Mickey Barker was a top golfer at Lipscomb University winning six tournaments and competing in the NAIA National Championship two years. He has remained close to the game. Since November of 2014 he has been the administrator for golf for the City of Memphis, Tennessee. He also is still a PGA pro. He and his wife, Michele, have two teen-age children. Work and family keep him busy but he also is active in work with his church serving as an elder for the Great Oaks Church of Christ.
What years did you play at Lipscomb? Who were your coaches?
"I played golf at Lipscomb from 1986-1990. Dr. Ralph Samples was my coach."
Why did you decide to attend Lipscomb?
"I am from Paris, Tennessee. We were at a college night talking with representatives from Lipscomb. They were talking about all the places the golf team traveled to play. They had gone to Hawaii and some other exotic locations. I thought that sounds good. I am interested.
"Then I met Coach Samples and talked with him. It seemed like the perfect fit. It was the perfect place to play."
What is your fondest athletic memory at Lipscomb?
"I guess it would be making two different trips to the national championship and finishing 16th my junior year in Bay Valley, Michigan. That was a pretty big highlight. That was probably the best part of being there the four years.
"I had several different conference wins and those were good. But competing with those guys on the national level was a lot of fun."
Who had the biggest influence on you during your athletic career at Lipscomb? How?
"Coach Samples. He didn't know a whole lot about the golf swing. He always told us that if he beat one of us we were off of the team.
"He had a Ph.D. in psychology. He was a psychology professor. And in that area he helped us a lot. Being able to stay focused on what we were doing, playing our own game and trying not to put so much pressure on ourselves helped more than anything.
"When you play golf in college the fall season is good. You get good weather. The courses are in great shape, but the fall is not the main season. In the spring we have to start so early you get terrible weather. The golf courses aren't in such great shape because you are coming out of winter.
"We would complain when it was windy and it was raining. We would play in rain, sleet and snow. Coach Samples told us we have to make our own weather and go out there and play. We always kidded each other about that.
"He helped me as much as anybody. I have heard every story that can be told. I love listening to Coach Samples."
What is your fondest non-athletic memory from your time at Lipscomb?
"Following the Lipscomb men's basketball team. Hutch (Philip Hutcheson) and Darren Henrie came in the same time. We lived on the same floor with team and that was lot of fun to be around them.
"Following the basketball team for those four years and having them ranked No.1 and watching them winning all those big games was as much fun as anything we did while we were there. It was a blast.
"Loren Personette. a great golfer at Lipscomb, graduated a year after I came in.

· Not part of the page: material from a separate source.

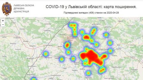 Львівська ОДА у співпраці із Lviv IT Cluster (UNITED FOR HEALTH) та N-iX розробили карту області, яка в онлайн режимі у розрізі місцевості показує поширення коронавірусу у регіоні – демонструє, з яких районів пацієнти із підтвердженим діагнозом.

We got to be good friends. All winter long we went to the basketball games both home and away. Most of the games were a lot closer than they are now like Trevecaa, Belmont and Lambuth. That was a lot of fun."
What is the most valuable thing you gained or learned from your time at Lipscomb?
"The way Coach Samples treated people. He always greeted people with a smile. He always interacted with people and would help any way that he could. If I take anything from my time at Lipscomb it would be to treat other people the way he treated them.
"When you are a student at Lipscomb and you have the curfews and the dress codes and things like that you feel that it hindered you or it was a burden to you. Now, being the father of a 17-year-old and a 13-year-old and being an elder in my congregation in Memphis you see those rules were a good thing and a way to direct your life.
"All students don't always make the right choices. Looking back those rules were good things that helped us."
Who was your favorite professor? Why?
"Don Meyer. A couple of classes I had with him were unbelievable. The passion that he had for coaching basketball and for helping people with their lives was unbelievable. To be able to listen to him for an hour or two for two or three times a week was fantastic.
"I remember having coaching techniques of basketball with him. Several of the redshirt freshmen basketball players were in there. Coach Meyer would bring in game film and he would go through it. By the time he left class he would be red-faced and sweating. It was one of the best classes I had. It was a lot of fun."
Where do you live now?
"We live in Oakland, Tennessee."
Who is your employer? What is your occupation? What does your position entail?
"I work for the City of Memphis. I am the administrator of golf for the City of Memphis. We have eight municipal golf courses and I oversee those courses.
"I have been a golf professional for 25 years now. The last 14 I was head golf professional at one of the city courses here, the Links of Galloway.
"I have been the administrator of golf since November. I am still a PGA member. I have been a PGA member since 1994."
Tell us about your family.
"My wife, Michele (Hadley), graduated from Lipscomb in 1993. We have a son, Ryan, who is 17. We have a daughter, Emma, who is 13.
"I didn't know Michele when we were at Lipscomb. After I graduated from Lipscomb I went to work for Temple Hills Golf Course in Franklin, Tennessee. After Michele graduated she moved back home to Ohio to teach for a year. She moved back to Nashville and needed some money while she was finding a teaching job and worked as a cart girl. That is where we met."